What I find interesting is that being behind on everything tends to make people feel bad - which must be close to being sad - which might cause them to become even more behind due to bad decisions.

I know that I did exactly what the research indicates. Anecdotal, assuredly, but still it jibes with my personal experiences.

Reappearing Deposit

September 28th, 2012 at 07:22 am

After two more visits and another telephone call to the US, we finally got a call from our local agent that we could come in to pick up our money.

At this point you may be thinking "he got resolution," and - eventually - we did, but the story has quite a few twists in it. Please, read on to see what I deal with over here in Dubai.

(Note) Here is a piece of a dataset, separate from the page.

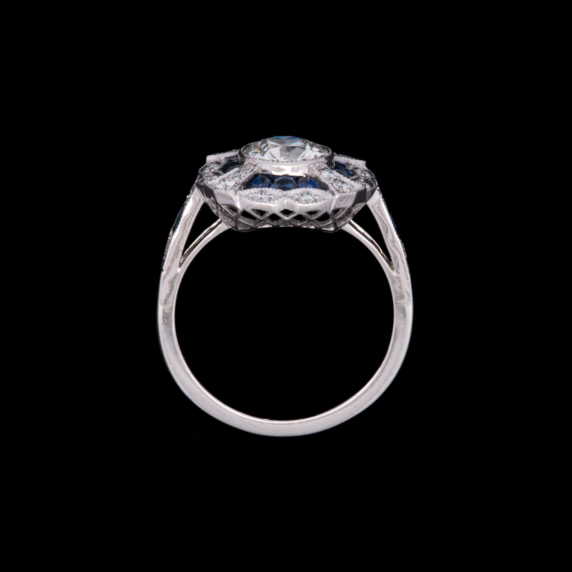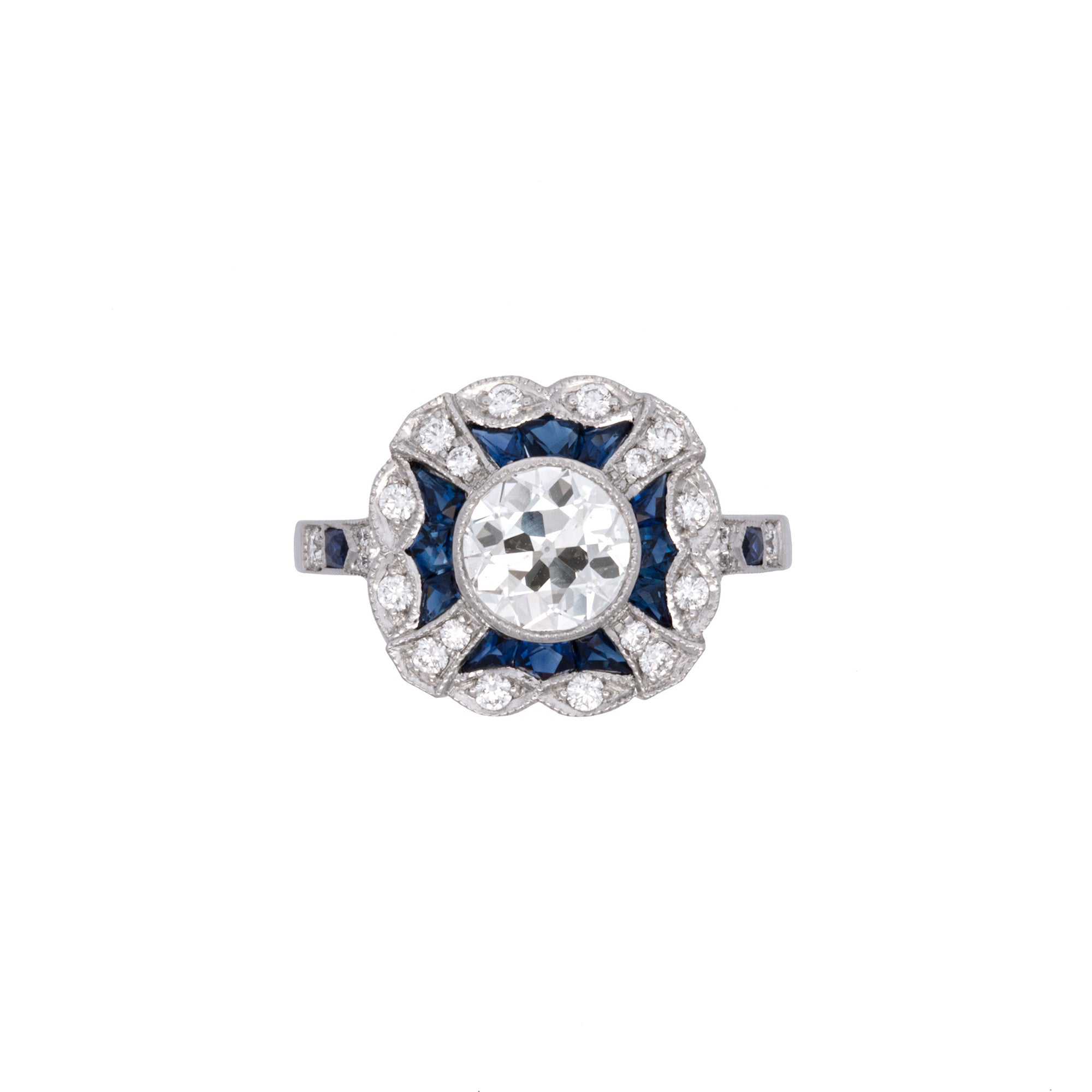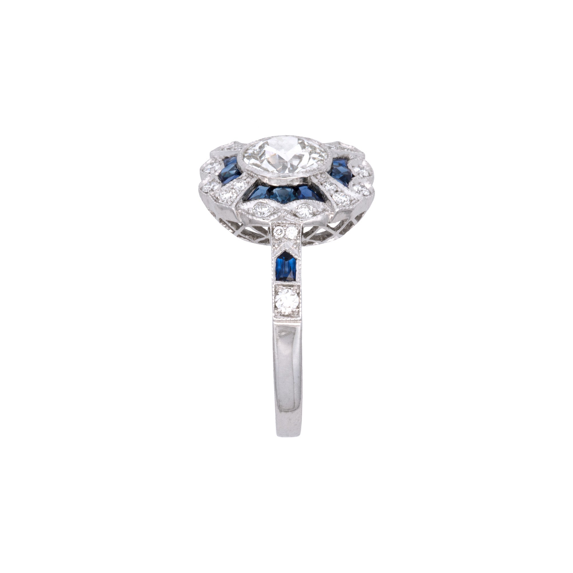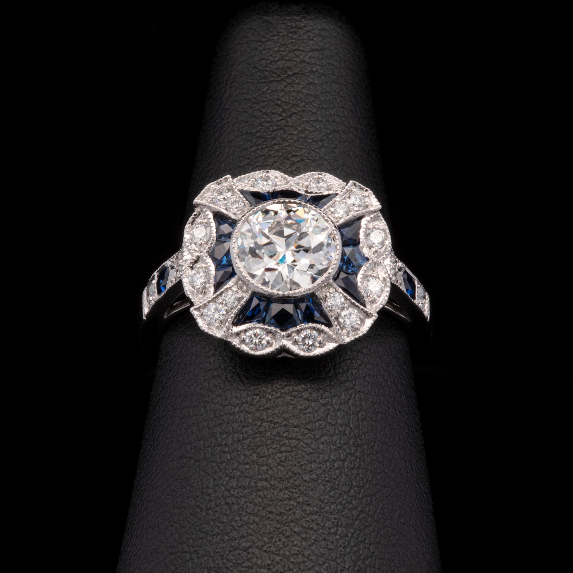 Platinum Diamond And Sapphire Ring. Center Diamond Weigh A Total Of 1.07 Carats And Have H Color, SI Clarity; EGL Certified. Twenty Accent Diamonds Weigh A Total Of 0.24 Carats. Fourteen Sapphires Weigh A Total Of 0.61 Carats. Sizing Available.
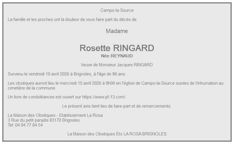 Cet espace « condoléances » est dédié à la mémoire de Madame Rosette RINGARD née REYNAUD.

During the call, the agent said, "The German bank only sent XXX amount, so you won't be getting back your whole transfer payment."

Needless to say, I disagreed fervently, and even eventually mentioned, "Not only did you not perform the service that was contracted, you had my money for four weeks. In actuality, you should be paying me interest, not cutting my refunded amount."

I decided this was better discussed in person, and went into the office where I made my initial transfer, along with my copy of the contract. Again, they said that "since the money has already been converted to US currency" I'd only be refunded the amount of the returned deposit, less fees for the conversion, fees for the new conversion back to local currency, and less the fee for the initial transfer.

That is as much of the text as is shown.